‘Good Growth’ Survey names Oxford ‘top performing city’ and Bradford the ‘most improving’
A nationwide analysis has named Oxford the top performing city to live and work in the UK for the fourth year in a row. Oxford beat Reading due to its record on work-life balance, income, transport and skills. The ‘most improved’ city is Bradford.
The annual Demos-PwC Good Growth for Cities report sets out the findings. The survey aims to show there’s more to economic wellbeing than measuring GDP. It measures the performance of 42 of the UK’s largest cities, England’s Local Enterprise Partnerships (LEPs) and ten Combined Authorities. Assessment factors include ten things the public feel are most important for economic wellbeing. These include: jobs, health, income and skills, as well as work-life balance, house-affordability, travel-to-work times, income equality, environment and business start-ups.
For the fourth year running, Oxford and Reading have been named the top performing cities on the 2019 index. Southampton follows in third place. Reading has maintained its position in this year’s index, although it has seen a decline in its overall index score. Lower house price to earning ratios, income inequality and a fall in new businesses created explain this.
Bradford emerged as this year’s top improver. Driving its improvement is jobs, work-life balance and skills amongst its 25+ year olds.

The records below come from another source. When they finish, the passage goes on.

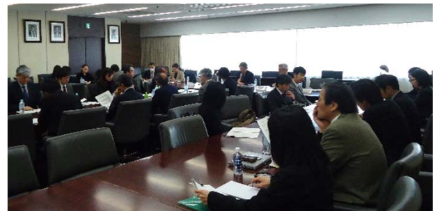
〈Picture3: Selected Universities' Meeting 2018.1.10 〉

· Faculty members from UTokyo visited IIT Kharagpur, briefing sessions for the Ministry of Railways Ministry of Government Scholarship Program and IIT Bombay to ask members for cooperation, to exchange opinions and listen to requests for this project. In addition, we used public information briefing sessions to publicize the project.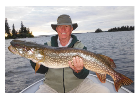
Catch a trophy after dinner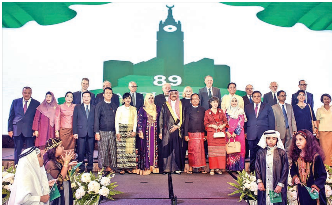
Union Minister U Han Zaw, Yangon Region's Chief Minister U Phyo Min Thein, Saudi Ambassador to Myanmar Mr Sahal Moustafa Ahmed Ergesous and their wives and attendees pose for a photo at the celebration of Saudi National Day in Yangon.

THE Embassy of Saudi Arabia celebrated the Saudi National Day, at the Wyndham Grand Hotel in Yangon yesterday evening. It was attended by Union Minister for Construction U Han Zaw and wife, and the event started with national anthems of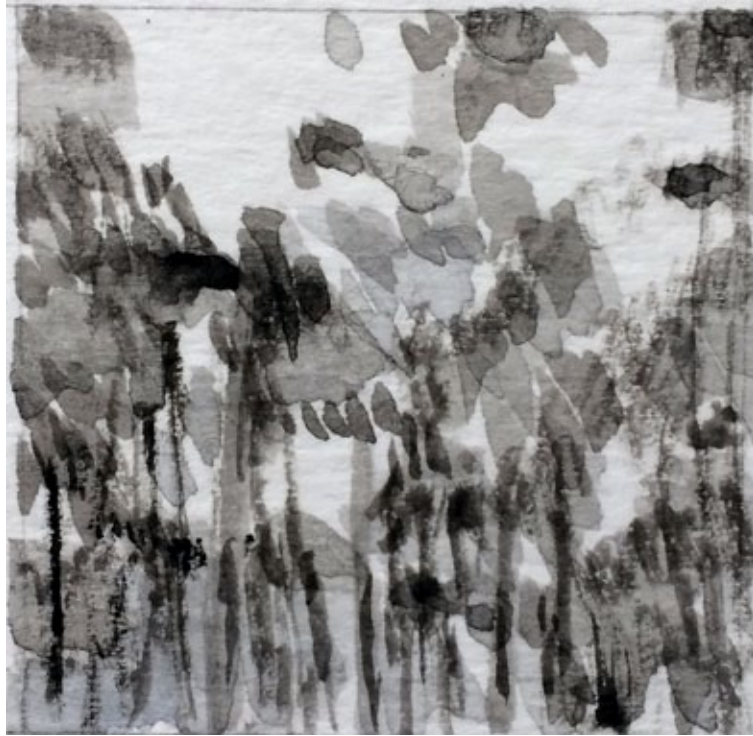
STAMP: BEHIND THE NEIGHBORS YARD, 2020, watercolor, 1.25 x 1.25 in. 3.2 x 3.2 cm.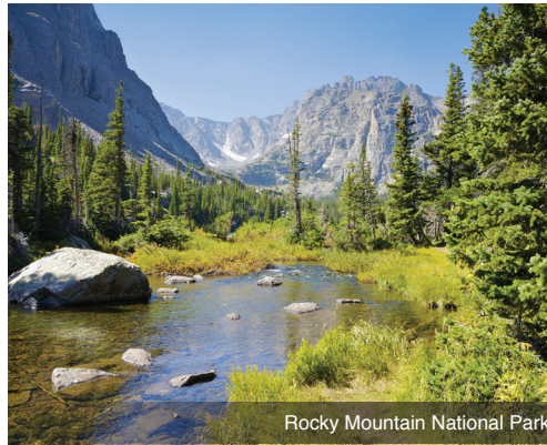
Rocky Mountain National Park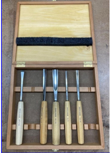
George Rodgers- Chisel Box 1 Cherry, Basswood - Shellac, Lacquer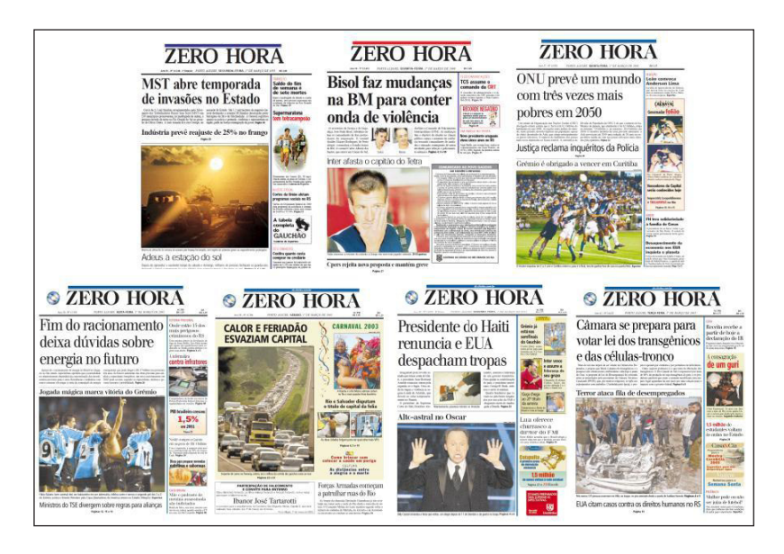
Figure 6: Covers of ZH from March 1, 1999, 2000, 2001, 2002, 2003, 2004 and 2005, respectively

The horizontal logo was consolidated during this period, but not before going through a slight recast that was not kept. We can notice on the covers from 1999 and 2000 that there was a change of font in the logo. In these two years (Figure 7), the logo is seen with a type in which the serif is more prominent and with its extremities in a more squared shape form than what was used until then and on the issues published after 2001 (Figure 8). From 2002 onwards, beside the logo, there is the constant presence of RBS's logo, close to the name of the newspaper on its left side.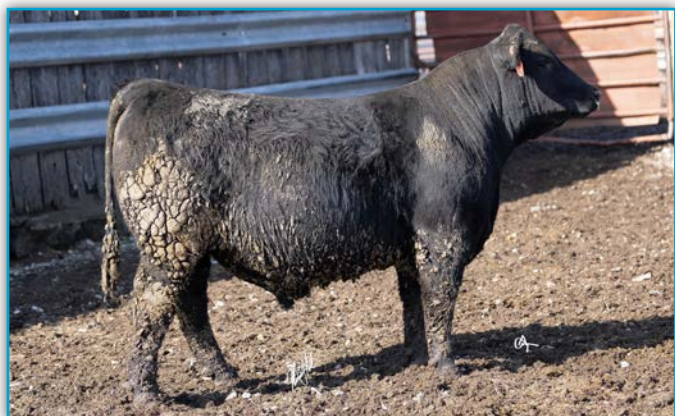
LOT 15 - WHEELER RAWHIDE 4027

We have been really happy with our Rawhide progeny as they have shown to have extra mass and density while still being built with the right feet and legs. 4027 possesses those traits and is still very well balanced on paper, ranking top 10% WW, 25% YW, 20% DOC accompanied by well-balanced $Indexes. Ranks in the top 10% for WW.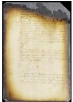
Seizure of furs on board one Humphreys' sloop, near Tallman's island (NYSA_A1809-78_V09_0695b)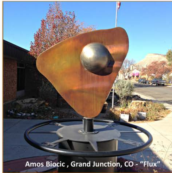
Amos Biocic , Grand Junction, CO - "Flux"

"My art is reflective of my love for the visual character and beauty of natural elements and materials." - AB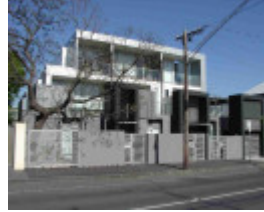
Richmond Lennox Street 275- 279.JPG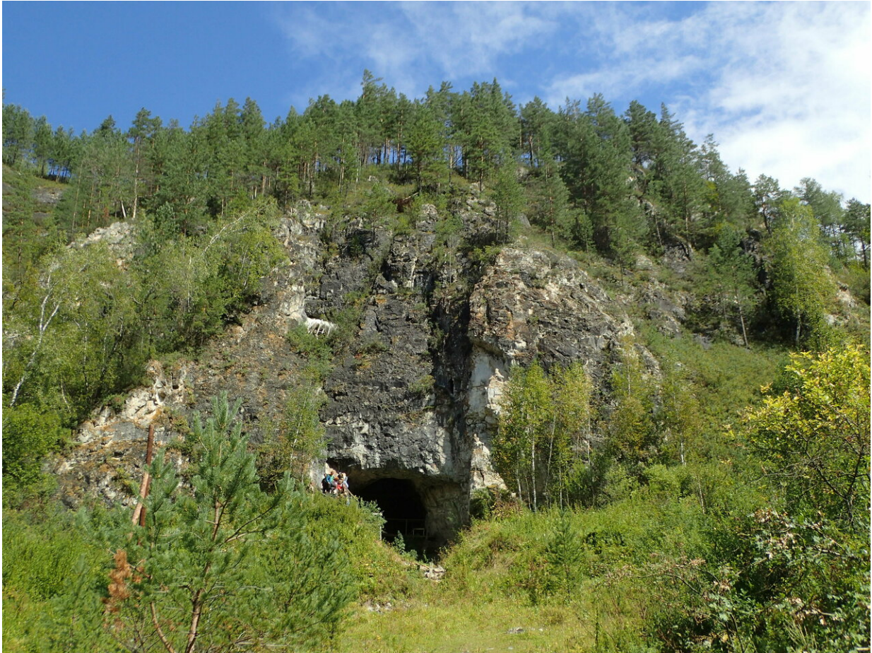
Entrance to Denisova Cave.

Most of the evidence for Neanderthals at Denisova Cave falls within the last interglacial period around 120,000 years ago, when the climate was relatively warm, whereas Denisovans survived through much colder periods, too, before disappearing around 50,000 years ago.

Bradford has also experienced a large reduction in its unemployment rate. It is measured at measured at 4.1% in 2018 compared to 10% in 2015. The city also demonstrated moderate improvements in work-life balance, health, environment and skills amongst the adult population.
Nine in ten cities score higher than the average for all cities in this year’s2016-18 index, than in the 2011-13 base year. This highlights the rate of recovery since the financial crisis. Strong employment growth reflects a decline in unemployment. It also indicates improvements in work-life balance. This might be a result of more flexible working patterns becoming more acceptable.
Long term data implies that performance over time on the index is unrelated to a city’s starting position. Instead, a combination of local and national improvements in the economy motivate ascendancy. The figure below shows the change in average good growth index scores by variable across all cities since 2005-07 and 2016-18. Skills amongst the population of 16-64 year olds, alongside the number of new businesses created have seen the largest improvements in average scores over the period. However housing affordability and owner occupation have deteriorated over the period, alongside rising average commuting times.
The short term data tells a different story, as 11 cities in the index have witnessed a decline in their score relative to the previous index – this is partly driven by the fact that improvement (especially for top performing cities) has hit a relative ceiling. However, the price of success has become increasingly evident, with declines in transport and housing highlighting the ongoing infrastructure challenges faced by UK cities. There has also been a decline in skills among young people (16-24) and a decline in overall health.